Britische Polizei erhielt 2400 Hinweise nach TV-Sendungen

Seit sechseinhalb Jahren suchen die McCanns ihre Tochter Madeleine. Jetzt sollte auch das deutsche Fernsehen helfen. Nach ihrem „Aktenzeichen XY... ungelöst“-Auftritt gibt es 500 Hinweise. Nach ähnlichen Sendungen in Großbritannien und den Niederlanden waren damit insgesamt 2400 Hinweise bei der Polizei eingegangen.

Maddie wird seit dem Jahr 2007 vermisst. Rechts, ein Computerbild: So könnte das Mädchen im Alter von neun Jahren aussehen.
© APA/EPA

München – Vor sechs Jahren waren Kate und Gerry McCann schon einmal in Deutschland. Damals empfing Berlins Regierender Bürgermeister Klaus Wowereit (SPD) das Ehepaar aus Großbritannien im Roten Rathaus. Damals schon bat es die deutsche Öffentlichkeit um Hilfe bei der verzweifelten Suche nach ihrer kleinen Tochter Madeleine. Am Mittwochabend wiederholt sich die Geschichte.

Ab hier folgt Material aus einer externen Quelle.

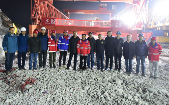 集團(tuán)黨委書記、董事長、總裁謝應(yīng)文,河北交投集團(tuán)紀(jì)檢書記李海衛(wèi),中電建冀交投資發(fā)展有限公司總經(jīng)理唐蘭軍,集團(tuán)副總裁熊文,集團(tuán)總裁助理、華北片區(qū)指揮長陳杰,集團(tuán)總裁助理、華北片區(qū)常務(wù)副指揮長牟世輝,邯鄲項目各參建子公司負(fù)責(zé)人等來到現(xiàn)場,共同見證了最后一榀鋼箱梁假設(shè)。謝總在現(xiàn)場談到:這次太行山攻堅戰(zhàn)充分展現(xiàn)了我們?nèi)A川集團(tuán)“頑強(qiáng)拼搏,永不言敗”的精神,全體施工管理人員眾志成城,排除萬難,向著一個目標(biāo)奮力拼搏。感謝全體參建人員的辛勤付出,感謝各級單位的全力支持。我們大家都是奮戰(zhàn)在太行山的戰(zhàn)友,這段時間在施工一線我看到了很多感人的事,認(rèn)識了很多樸實(shí)勤奮的筑路人,他們起早貪黑、加班加點(diǎn)全力為目標(biāo),我為我們光榮的路橋人感到自豪。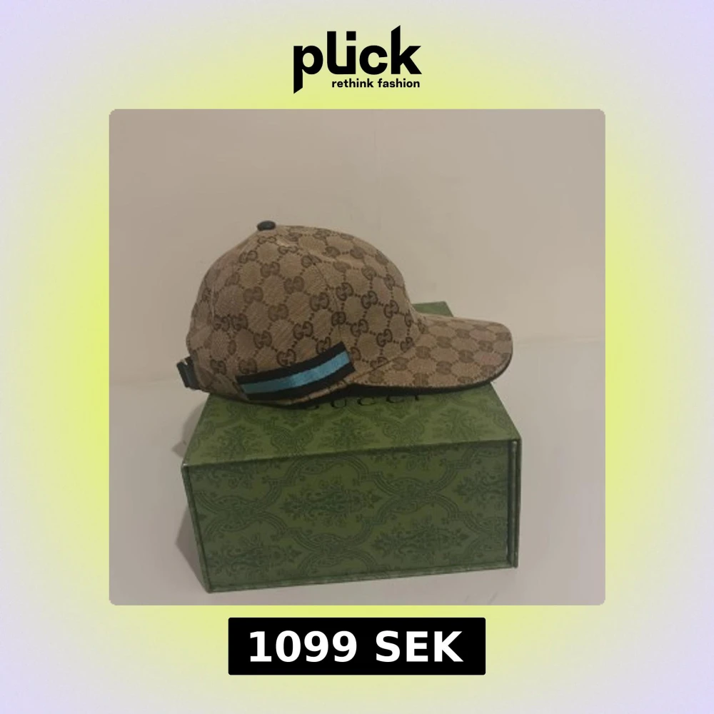Snygg beige keps från Gucci med det klassiska GG-mönstret. Kepsen har en justerbar rem baktill och en blå och svart randdetalj på sidan. Perfekt för att ge din outfit en lyxig touch.

Das Ehepaar sitzt in München im Studio der ZDF-Fahndungssendung „Aktenzeichen XY... ungelöst“, hält sich an den Händen und fleht deutsche Urlauber an, sich zu erinnern, wenn sie Anfang Mai 2007 in Praia da Luz an Portugals Südküste gewesen seien - an irgendetwas. Mit 7,26 Millionen Zuschauern war „Aktenzeichen XY“ am Mittwoch die mit Abstand meistgesehene Sendung im deutschen Fernsehen.

Eltern richteten Appell an die Zuseher

„Wenn Sie irgendetwas wissen, bitte bitte trauen Sie sich und melden Sie sich. Wir brauchen Ihre Hilfe“, sagt Kate McCann. „Wir vermissen sie jeden Tag“, sagt ihr Mann über Maddie.

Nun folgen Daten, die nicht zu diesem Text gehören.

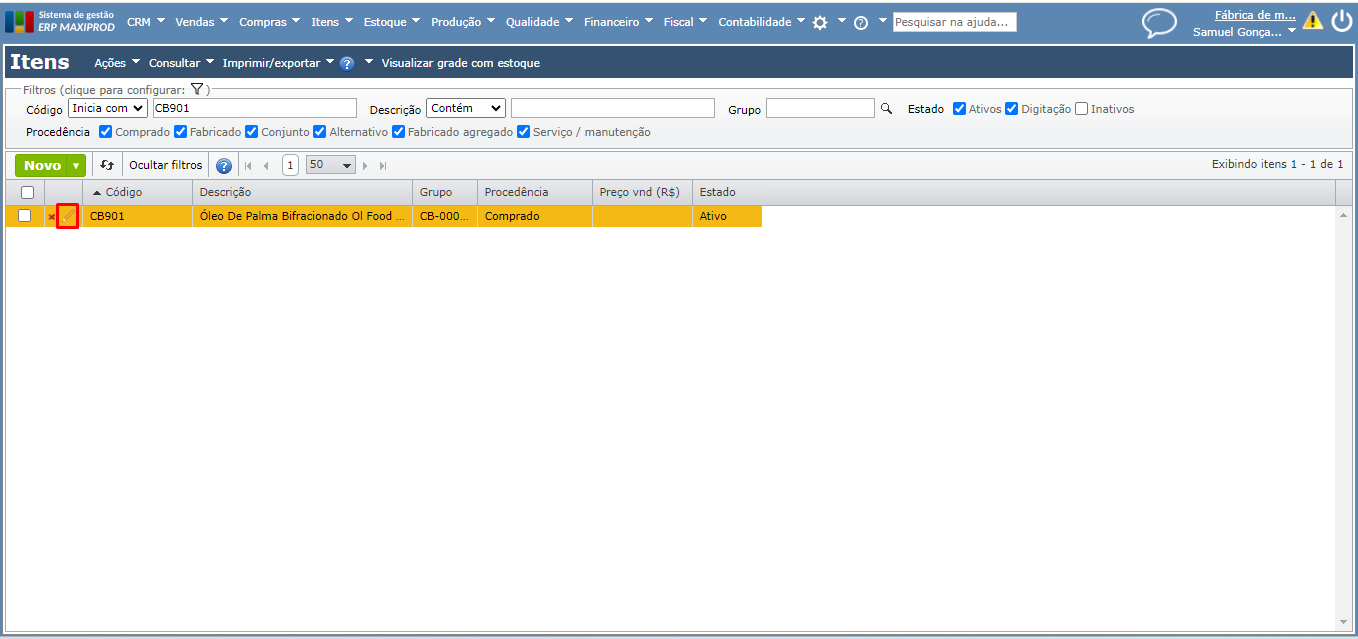 2) Localize o cadastro do item e clique no ícone do lápis para editar.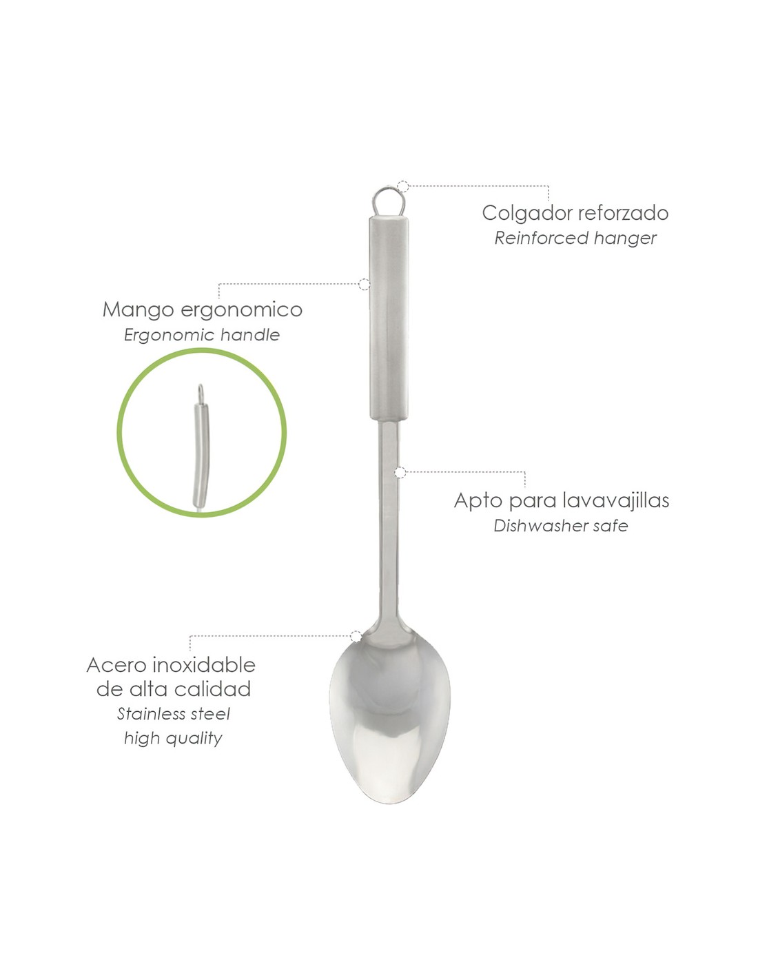 - Realizado en acero inoxidable de alta calidad, apto para su lavado en el lavavajillas.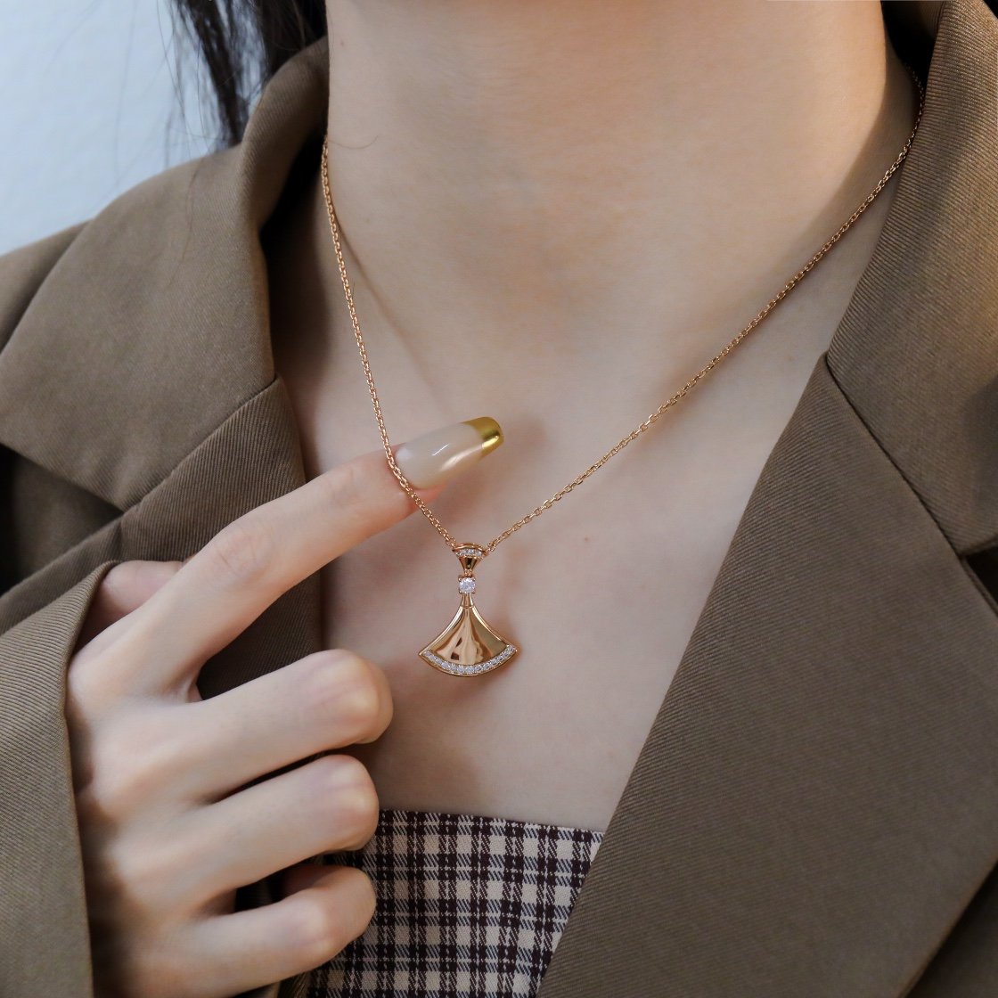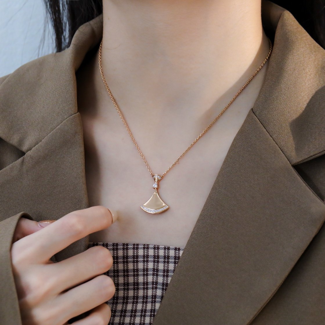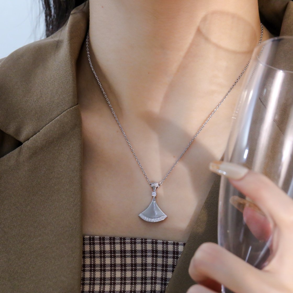 BV diamond studded large metal edged fan necklace

Die Zahl der Hinweise zu Madeleine, die im „XY“-Studio eingingen, lagen am Donnerstag bei 500 - die Telefone im Studio waren von 20.15 Uhr bis 2 Uhr nachts geschaltet. Auch wenn Qualität und Inhalt dieser Hinweise zunächst unklar blieben, waren die McCanns nach Angaben einer Sprecherin der Sendung überwältigt.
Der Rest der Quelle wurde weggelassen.